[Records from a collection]
____

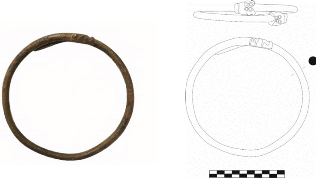
Figür 8: Bronz Pazıbent, Envanter No: 2.25.77, Çapı: 9 cm, Uçları birbiri üzerine bindirilmiş, yılan-ejder başı şeklindedir. Küt burunlu ve yassı başlı ejderin tepe kısmında dörder adet kazıma daire motifi yer almaktadır. Küt burun ucunun kalkık yapılarak belirginleştirildiği pazıbente, gözler, kulaklar ve burun uçları kabartma halinde belirginleştirilmiştir.
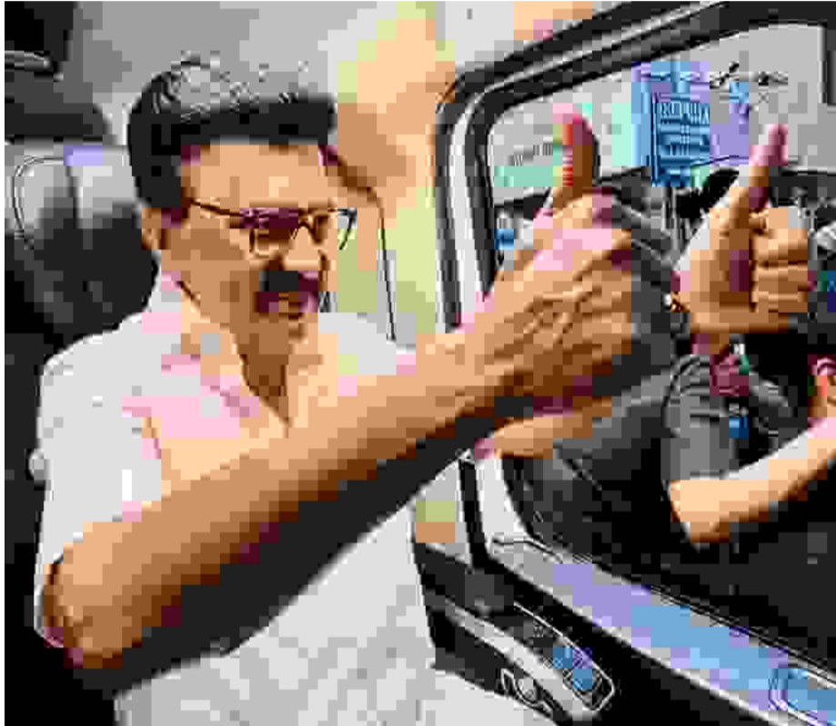
தமிழ்நாடு முதல் பக்கத்தில், "தமிழ்நாடு விட மாடல் தனித்துவம்மைச்சர் மு.க.ஸ்டாலின், என்றாலே சாதனை, தனது எக்ஸ் வலைதள சாதனை,சாதனை.திரா-மான மாடல். சொன்னதை, எண்களிலும்
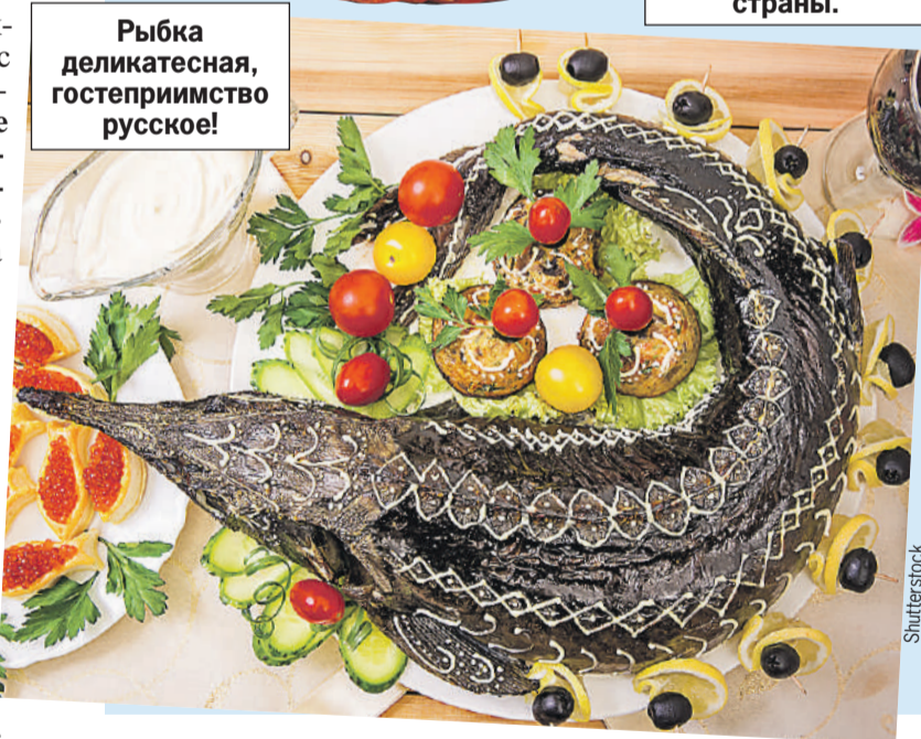
Рыбка деликатесная, гостеприимство русское!

где еще экзотическую ягоду иностранцы попробуют? Таким лакомством, например, накормили Джорджа Буша-старшего, когда в январе 1993-го он впервые приехал в постсоветскую Россию.
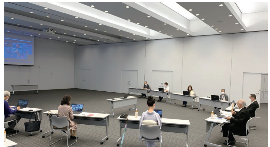
第1回「明治大学連合父母会創立50周年実行委員会」は9月19日、ハイブリッド方式で開催された
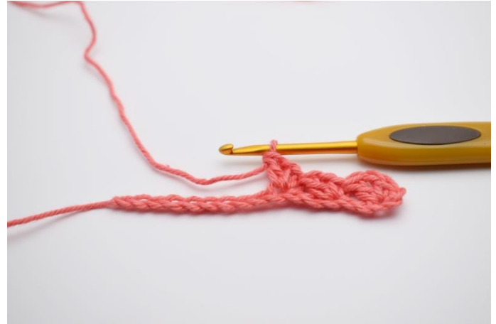
6. "1fM, 1 Lftm, 1 Stb" in die nächste Lftm häkeln.
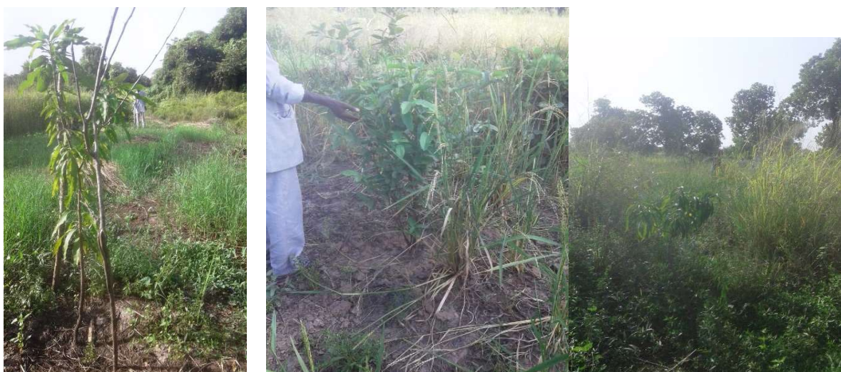
ZONA DE REFORESTACION DE SEKONADANS LA REGIÓN DE KAYES

Con relación a la repoblación forestal, habría sido más juicioso de implicar mejor el servicio de abastecimiento de aguas y Los bosques en la elección de los sitios y de las especies que plantan sobre todo que se observa la vuelta de ciertas especies arbustivas en la zona como las acacias. Estas plantas son caras generalmente más resistentes a los choques climáticos y pueden servir de forraje para los animales y también producen la goma arábica. Actualmente, a causa de su vuelta en el espacio de Kayes, Mali es ánimo de situarse como país exportador de este producto fuertemente apreciado por las sociedades farmacéuticas y cuyo árbol no pide mucho mantenimiento.
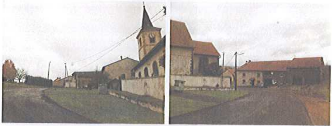
La rue des Marronniers, vue vers l'ouest et vers l'est, en champ direct de visibilité.
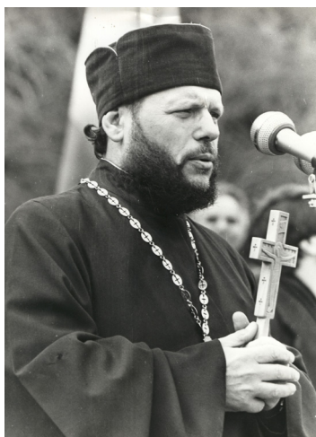
La miting, 1993
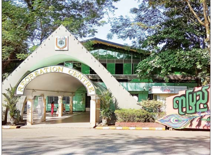
ရန်ကုန်တက္ကသိုလ် အပန်းဖြေရိပ်သာ။

နိုင်ငံအသီးသီးတွင် ထိုနိုင်ငံကိုယ်စားပြု တက္ကသိုလ်ကြီးများရှိကြပြီး ထိုကျောင်းများ သည် မိခင်နိုင်ငံကိုသာမက ကမ္ဘာကို ကျော်စေသည့်အထိ ဂုဏ်ရှိန်ကြီးသော တက္ကသိုလ်များလည်းရှိကြပါသည်။ ရန်ကုန် တက္ကသိုလ်သည် တစ်ချိန်က ကမ္ဘာကျော်ခဲ့ သော ကျောင်းတော်ကြီးဖြစ်ခဲ့သည်။ ယနေ့ အခါတွင် ထိုကျောင်းတော်ကြီးမှာ သက်တမ်း နှစ်တစ်ရာပြည့်နှင့် ကြိုကြိုက်ခွင့်ရရှိမှုသည် ဂုဏ်ယူဖွယ်ပင်ဖြစ်သည်။ ထိုတက္ကသိုလ်ကြီးတွင် ပညာသင်ကြား ပြီး ဘဝဖြတ်သန်းခဲ့ကြသော ကျောင်းသား ဟောင်းကြီးများမှာ တိုင်းပြည်တာဝန်ကို ထမ်းဆောင်ခဲ့၊ ထမ်းဆောင်နေသူများ ရှိသလို ပြည်ပတွင်ရောက်ရှိနေသူများလည်း ရှိသည်။ မျိုးဆက်သစ်များကိုလည်း ကျောင်းတော် ကြီးမှ ဆက်လက်မွေးထုတ်ပေးလျက် ရှိသည်။ သို့ဖြစ်၍ ရန်ကုန်တက္ကသိုလ်နှစ် ရာပြည့်မှသည် နှစ်ရာပေါင်းများစွာ အမွန် ရှည်တည်တံ့လျက် ဂုဏ်သတင်း သင်းပျံ ပါစေကြောင်း။ ။
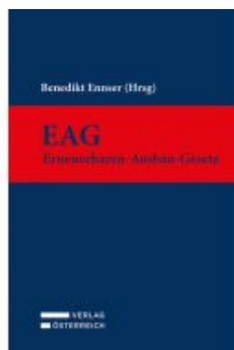
EAG - Erneuerbaren-Ausbau-Gesetz Ladenpreis: 89,00EUR
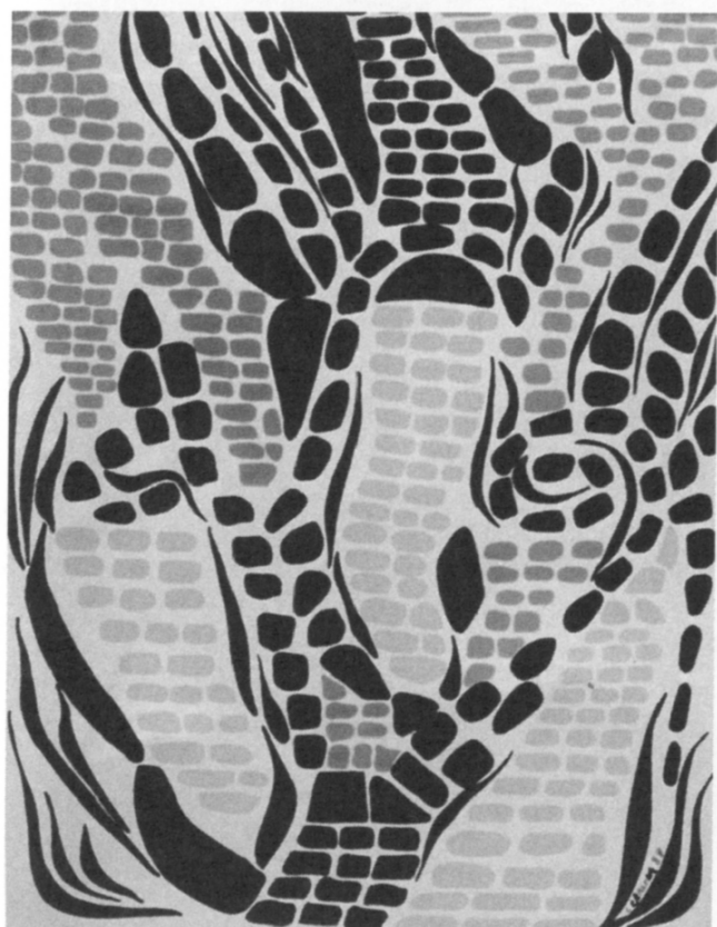
Le Pavé de Saint-Jacques par C. Gerling (reproduit avec l'aimable autorisation de l'artiste) ( http://vizier.u-strasbg.fr/~heck/vlactee.jpg )

Dans sa bible des noms célestes 2 , Allen reprend aussi la 'Route de Saint-Jacques-de-Compostelle' dont il attribue l'utilisation pour la Voie Lactée à la paysannerie française, de même que comme appellation populaire espagnole.
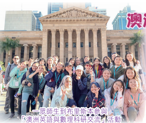
一眾師生到布里斯本參與「澳洲英語與數理科研交流」活動
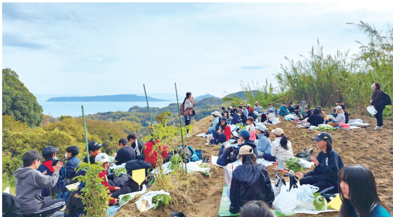
2024年12月13日(金)に実施された農家プロジェクトの様子。野菜を収穫してみんなうれしそう！
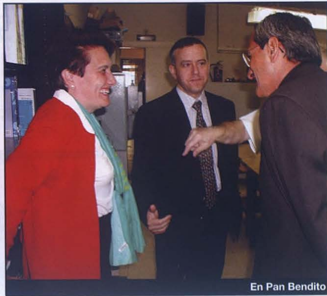
En Pan Bendito

tiano es el Dios que se manifiesta amando en la Cruz y así se presenta al hombre. Animó a los miembros de la Familia Salesiana a ser imágenes de este Dios amor.
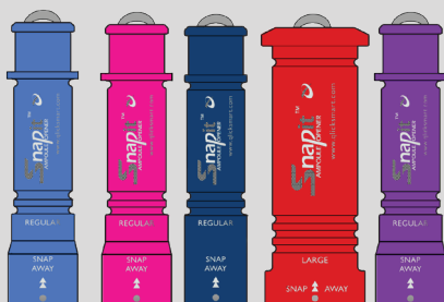
Otwieracze ampułek SnapIT i SnapIT Lite
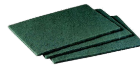
Fibra verde P-96
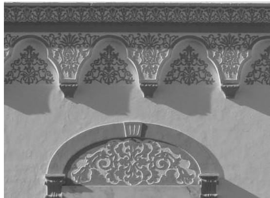
Fig. 25 Terreiro S. João de Deus, Montemor-o-Novo.

cionais, para exprimir uma intenção estética urbana de apresentação visual e comunicação arquitectónica” [6, p. 199]. Ainda, hoje, são visíveis diversos exemplos de esgrafitos nas cidades como Évora, Moura, Montemor-o-Novo, ou Vidigueira (fig. 23, 24 e 25).
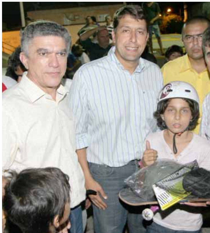
Em dezembro, Governo do Ceará doou equipamentos para o Projeto Escolinha de Skate do Município
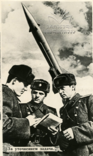
За уточнением задачи.

Лучший подарок XXIII съезду КПСС — высокая боевая готовность войск, отличная выучка и твердая дисциплина личного состава.
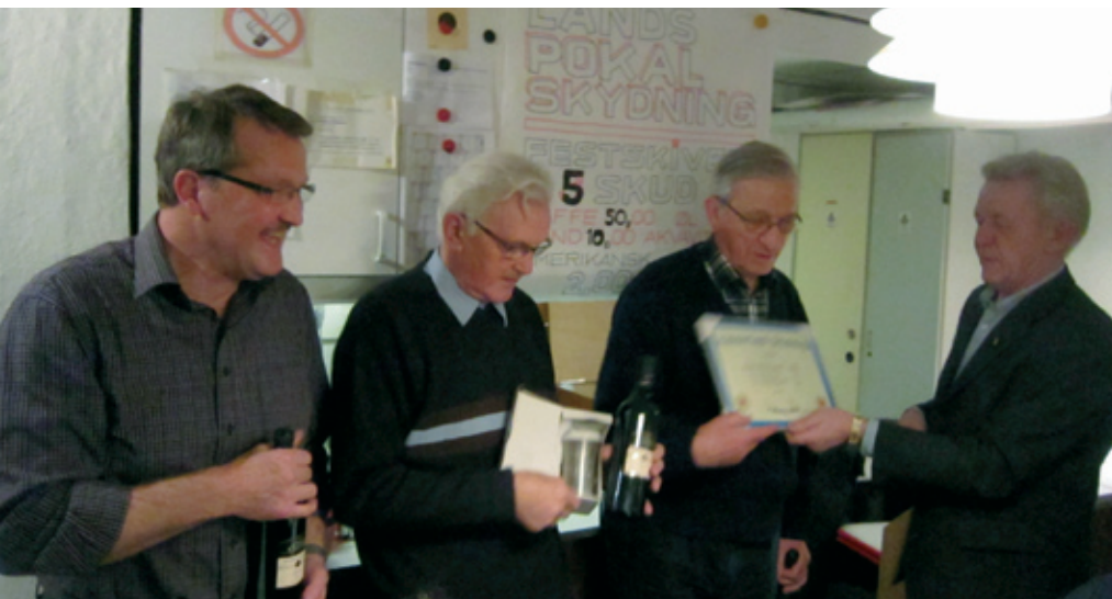
Fra årets Himmerlandsskydning en skydning mellem alle GF hjemmehørende i Himmerland.
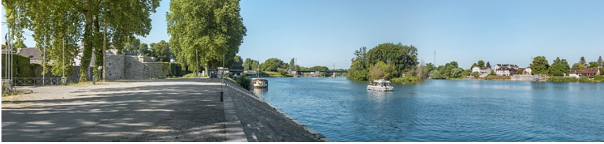
Le château, l'entrée de la dérivation, le pont ferroviaire et la gare d'Auxonne vus depuis les quais. 21, Auxonne
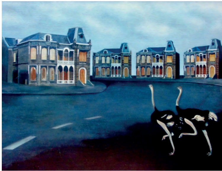
Werk van Winnifred Bastian, gebaseerd op het oude raadhuis van Vrijenban.
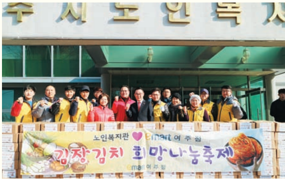
2016 자비나눔 김장축제(11/24~11/25) 복지관 정문
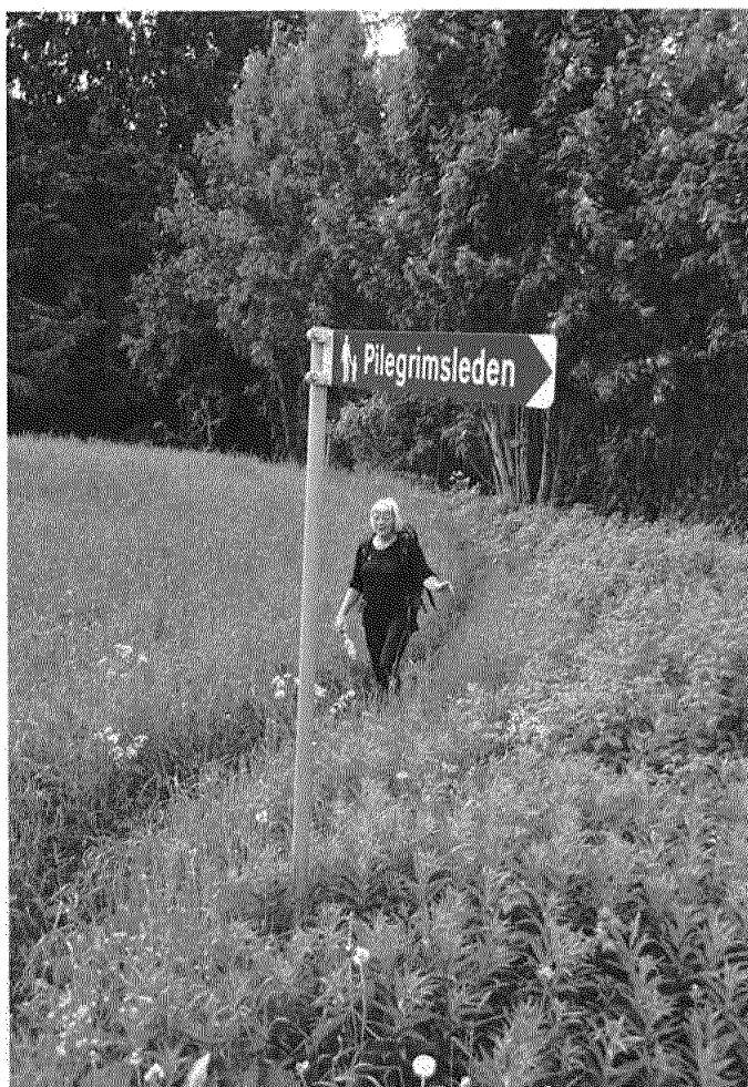
Kristinvandring fra Skaun til Trondheim. Skiltning.

ideen om en partnerskapsavtale er god og oppfordrer Sør-Trøndelag fylkeskommune til å vurdere innføring av slike eller tilsvarende avtaler.

____

Each line above starting at the one holding "ZONA DE REFORESTACION" and ending at the one holding "ရန်ကုန်တက္ကသိုလ် အပန်းဖြေရိပ်သာ။" should be set down exactly as it stands, both ends included, with no pictures.

ZONA DE REFORESTACION DE SEKONADANS LA REGIÓN DE KAYES

Con relación a la repoblación forestal, habría sido más juicioso de implicar mejor el servicio de abastecimiento de aguas y Los bosques en la elección de los sitios y de las especies que plantan sobre todo que se observa la vuelta de ciertas especies arbustivas en la zona como las acacias. Estas plantas son caras generalmente más resistentes a los choques climáticos y pueden servir de forraje para los animales y también producen la goma arábica. Actualmente, a causa de su vuelta en el espacio de Kayes, Mali es ánimo de situarse como país exportador de este producto fuertemente apreciado por las sociedades farmacéuticas y cuyo árbol no pide mucho mantenimiento.
La rue des Marronniers, vue vers l'ouest et vers l'est, en champ direct de visibilité.
La miting, 1993
ရန်ကုန်တက္ကသိုလ် အပန်းဖြေရိပ်သာ။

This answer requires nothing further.